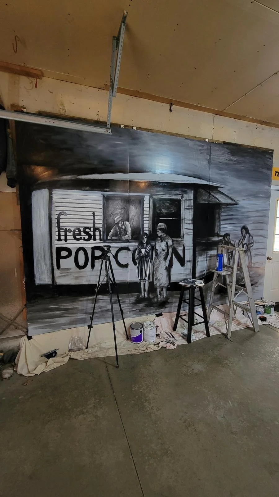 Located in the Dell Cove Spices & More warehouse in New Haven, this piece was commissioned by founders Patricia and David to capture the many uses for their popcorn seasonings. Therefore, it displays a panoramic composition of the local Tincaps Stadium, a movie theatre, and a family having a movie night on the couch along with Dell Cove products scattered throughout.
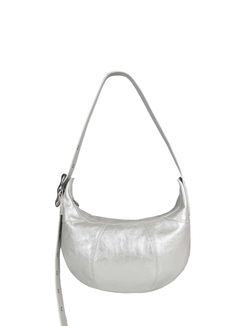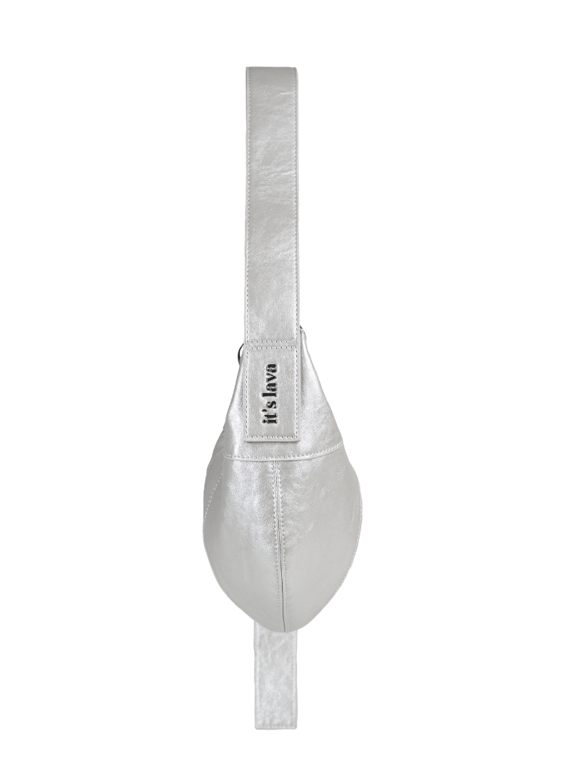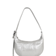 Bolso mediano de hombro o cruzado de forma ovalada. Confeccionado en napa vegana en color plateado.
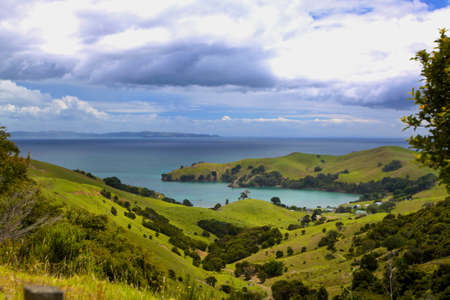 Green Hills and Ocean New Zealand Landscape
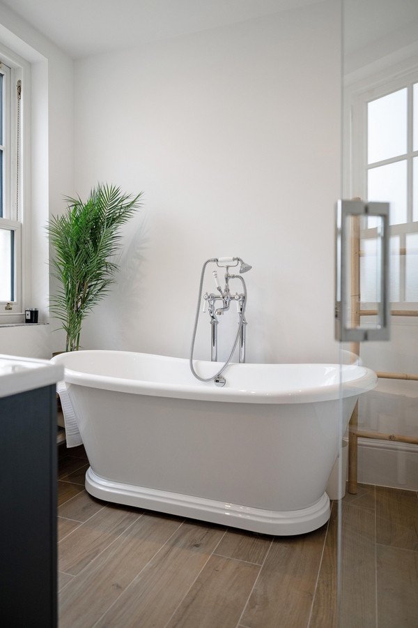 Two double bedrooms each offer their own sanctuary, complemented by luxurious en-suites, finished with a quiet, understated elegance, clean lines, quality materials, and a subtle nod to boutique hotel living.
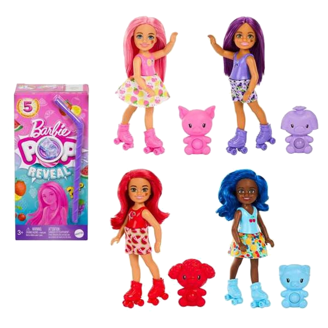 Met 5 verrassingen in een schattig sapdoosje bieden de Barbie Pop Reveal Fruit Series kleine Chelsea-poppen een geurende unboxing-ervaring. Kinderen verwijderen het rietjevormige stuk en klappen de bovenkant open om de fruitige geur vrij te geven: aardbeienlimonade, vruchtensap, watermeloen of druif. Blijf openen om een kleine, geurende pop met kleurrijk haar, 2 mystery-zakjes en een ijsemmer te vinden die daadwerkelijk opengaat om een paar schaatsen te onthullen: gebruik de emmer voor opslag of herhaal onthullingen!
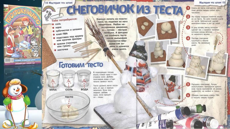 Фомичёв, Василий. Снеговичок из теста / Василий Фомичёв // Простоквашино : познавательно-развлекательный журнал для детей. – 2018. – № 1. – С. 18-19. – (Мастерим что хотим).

--

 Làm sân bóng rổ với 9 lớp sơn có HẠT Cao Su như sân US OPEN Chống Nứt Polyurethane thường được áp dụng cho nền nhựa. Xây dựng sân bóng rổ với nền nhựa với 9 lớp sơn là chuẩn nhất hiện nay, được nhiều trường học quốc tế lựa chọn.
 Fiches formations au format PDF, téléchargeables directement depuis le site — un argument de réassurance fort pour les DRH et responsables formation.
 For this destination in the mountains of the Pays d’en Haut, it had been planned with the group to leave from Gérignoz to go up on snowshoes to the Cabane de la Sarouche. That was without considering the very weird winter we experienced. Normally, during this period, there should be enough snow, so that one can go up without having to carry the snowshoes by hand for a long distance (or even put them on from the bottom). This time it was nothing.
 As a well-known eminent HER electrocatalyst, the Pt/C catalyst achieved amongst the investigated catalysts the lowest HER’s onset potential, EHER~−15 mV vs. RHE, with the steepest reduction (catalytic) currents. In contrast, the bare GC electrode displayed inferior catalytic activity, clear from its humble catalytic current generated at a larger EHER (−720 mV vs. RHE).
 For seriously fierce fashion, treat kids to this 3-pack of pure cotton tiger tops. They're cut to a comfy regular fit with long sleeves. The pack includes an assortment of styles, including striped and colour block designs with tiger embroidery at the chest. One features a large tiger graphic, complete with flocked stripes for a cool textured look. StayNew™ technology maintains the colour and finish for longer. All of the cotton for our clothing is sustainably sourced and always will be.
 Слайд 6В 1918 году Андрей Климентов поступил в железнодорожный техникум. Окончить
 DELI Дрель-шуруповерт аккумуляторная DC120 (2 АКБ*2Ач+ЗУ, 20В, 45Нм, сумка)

ASSIGNMENT » Wherever a line in the listing contains the word "from", copy that line out.

ANSWER FOR THIS EXERCISE »
 For this destination in the mountains of the Pays d’en Haut, it had been planned with the group to leave from Gérignoz to go up on snowshoes to the Cabane de la Sarouche. That was without considering the very weird winter we experienced. Normally, during this period, there should be enough snow, so that one can go up without having to carry the snowshoes by hand for a long distance (or even put them on from the bottom). This time it was nothing.
 As a well-known eminent HER electrocatalyst, the Pt/C catalyst achieved amongst the investigated catalysts the lowest HER’s onset potential, EHER~−15 mV vs. RHE, with the steepest reduction (catalytic) currents. In contrast, the bare GC electrode displayed inferior catalytic activity, clear from its humble catalytic current generated at a larger EHER (−720 mV vs. RHE).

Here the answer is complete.